These data largely support the systems theoretical explanation [15–20] that greater flexibility is needed in more variable habitats. Our results align with the idea that locals develop more flexible mindsets, including more open-mindedness towards local minority groups, under conditions of more stressful variabilities in day length, temperature, and daily precipitation. The results also support the theoretical idea from climato-economic theory [21,22], that the impact of more variable habitats on flexibility towards minority groups is reinforced by higher economic wealth, as collective cash and capital amplify flexible courses of action for everyone. The observed wealth-modified impact of habitat variability on governance quality, own habitat satisfaction, and perceived livability for minorities complements theories about simple main effects of economic [5,30–33] and institutional [33] development on collective psychosocial functioning. Furthermore, the variability-flexibility explanation may offer new perspectives on established theories, such as the tightness-looseness theory of culture [35,36].

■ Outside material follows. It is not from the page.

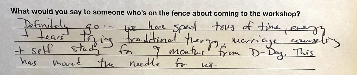 • Get guidance on the initial steps after discovery, so you can avoid costly mistakes that delay healing, and know how you want to proceed smoothly together as a couple.

Tight societies are characterized by strict social norms and harsh punishments for deviation, whereas loose societies are characterized by more flexible social norms and greater tolerance for deviant behavior [35]. Our findings suggest that life is perceived as better for minorities in looser cultures situated in more variable habitats at higher latitudes. The geographical distributions of preindustrial and contemporary hierarchism and collectivism support this speculation: tight, vertically collectivist cultures peak at the equator and taper off towards the North and South Poles [11]. Conversely, loose, horizontally individualist cultures increase in more variable habitats at higher latitudes. Similarly, our present findings indicate that tight autocratic versus loose democratic governance mediates the wealth-modified impact of greater habitat variability on the perceived better livability for minorities at higher latitudes.
The variability-flexibility explanation also informs Berry’s eco-cultural framework [37]. His model examines how background variables, like ecological and socio-political contexts, influence process variables, including cultural practices and societal structures, which ultimately shape psychological variables. While the complex natural ecology of mindsets and practices [5,23], as depicted for perceived livability in Fig 2, shares a similar conceptual structure, it introduces two fundamental geographical and ecological innovations. From a geographical perspective, the natural ecology model underscores that inhabitants’ mental and behavioral habits in physical habitats can be meaningfully related to latitude, longitude, and equatorial reversals of north-south habit gradients [5]. Ecologically, this model emphasizes that inhabitants’ mental and behavioral habits are linked to habitat variability—notably differences in day length, temperature, and daily precipitation—and consequently to variabilities in plant and animal life. It also incorporates a fresh viewpoint on the biotic ecology of prejudice and discrimination [11].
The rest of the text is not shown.